Bottom line: Tesla and other EV makers are likely to face an uphill road in China for the next year, but prospects could start to improve in mid 2015 as new initiatives gain momentum.
Reports on a new trade-in promotion from Tesla (Nasdaq: TSLA) are adding fuel to talk earlier this month that the high-flying electric vehicle (EV) maker isn’t doing as well as hoped in China, where sales have gotten off to a slow start. This kind of a sluggish start isn’t too unexpected, since EVs are rare in China and face many obstacles despite a strong push by Beijing to boost the sector. Tesla should be commended for its numerous efforts to promote EV development in China through a wide range of initiatives, but is also largely to blame for the building disappointment after it built up huge expectations for itself in the market.
Tesla drove into China with huge fanfare back in April, when charismatic chief Elon Musk came to the country to deliver his company’s first car in a widely covered event that coincided with the nation’s largest annual auto show. (previous post) After that Tesla announced a series of initiatives to promote its EVs, mostly aimed at building the necessary infrastructure to make car ownership more attractive.
But then the glitter started to peel off of Tesla’s slick veneer when media reported earlier this month that its China chief Veronica Wu had left just 9 months after joining the company. (previous post) That led to widespread speculation that Tesla was facing more headwinds in a market where it had previously indicated it could sell as many as 8,000 vehicles per year, second only to the US.
Now in the latest signal of the company’s uphill struggle, media are reporting Tesla has rolled out a new program allowing car owners to trade in their old vehicles towards the purchase of one of Tesla’s Model S sedans. (English article) Tesla announced the program in a statement, and said buyers in Beijing, Hangzhou and Shanghai can use the value of their old cars to help pay for a new Model S, which is currently priced at 648,000 yuan in China. ($104,000).
The reports say Tesla has exported about 3,500 cars to China since launching sales there in April, but its registered car park has only added about 2,000 vehicles during that period. That would imply that the company’s actual sales and pending orders awaiting delivery are probably in the 2,500-3,000 vehicle range — far less than the 5,000 vehicles per year that it hopes to sell in the market. Of course the company hasn’t been in China for a full year yet; but its current sales would still only translate to about 3,700 units sold on an annualized basis.
Of course, Tesla isn’t the only EV maker that’s had a tough time in China. The other notable case is domestic industry cheerleader BYD (HKEx: 1211; Shenzhen: 002594), whose shares went on a roller coaster ride earlier this month when a report came out spotlighting many of the company’s troubles.
BYD’s shares tumbled nearly 30 percent in a single day after the report came out, prompting the company issue a statement refuting some of the claims, including one that billionaire backer Warren Buffett was preparing to sell down his 10 percent stake. (company announcement) Since then the shares have bounced back somewhat, but they’re still at about half their 2014 high hit back in September.

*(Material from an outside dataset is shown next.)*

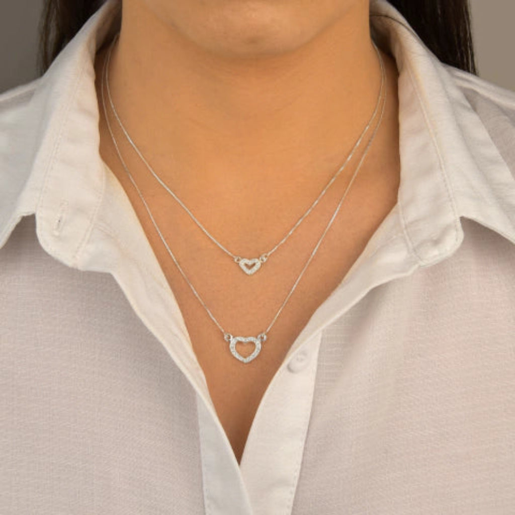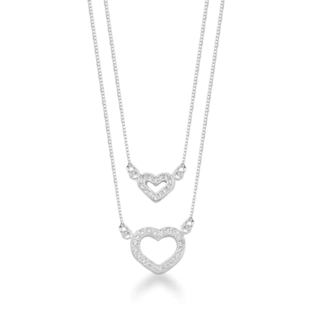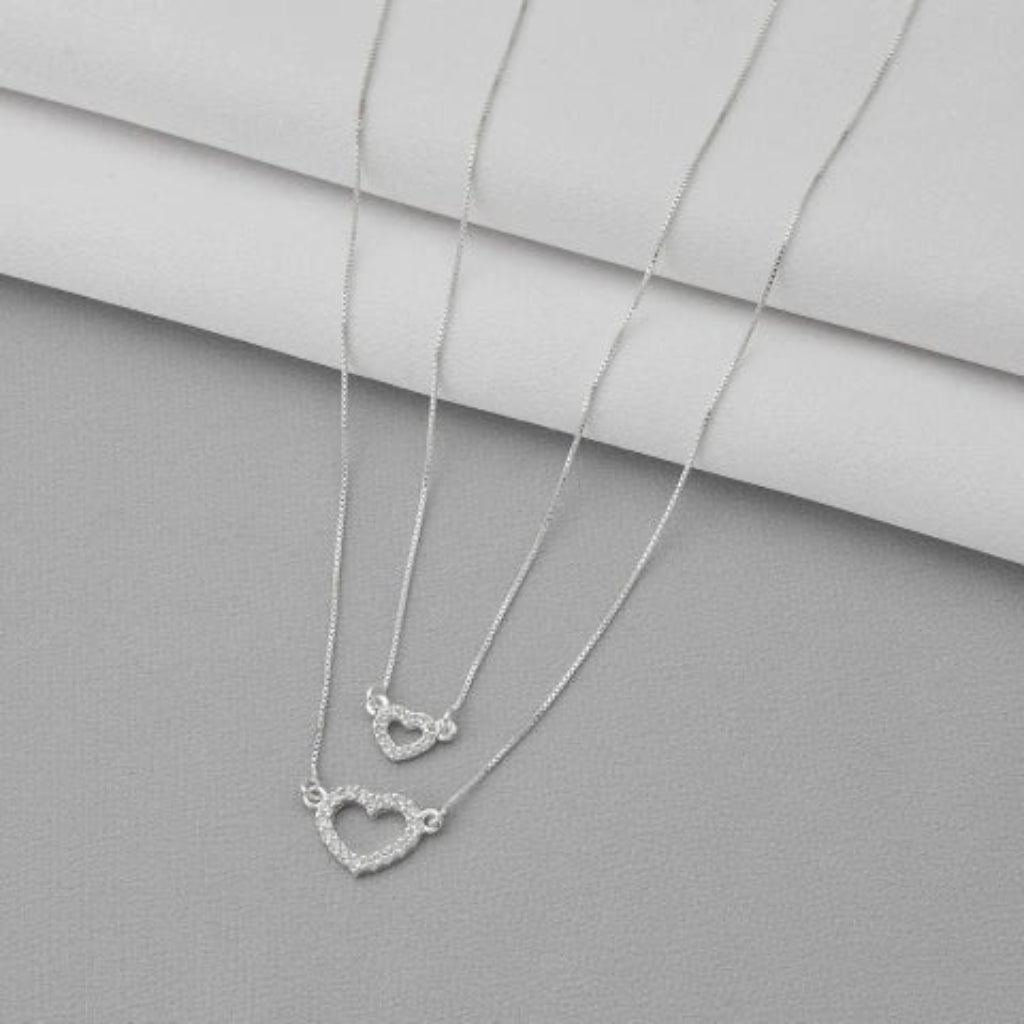 Gargantilha Dupla com Corações Cravejados de Prata 925, esse produto usa corrente de prata veneziana, vem com Pingente Coração pequeno e Pingente Coração Médio, que é os dois são composto por prata cravejada em forma de um coração com espaço vazio;

All of this shows that both domestic and international EV makers will continue to face an uphill road in China, which isn’t too surprising due to the high degree of skepticism towards the sector by local car buyers. I personally think we could see a subtle shift around the middle of next year, as many of the new infrastructure initiatives come on stream and local governments boost their buying to support Beijing’s policy objectives. When that happens, look for prospects of companies like Tesla and BYD to finally start improving, though the shift could come slowly.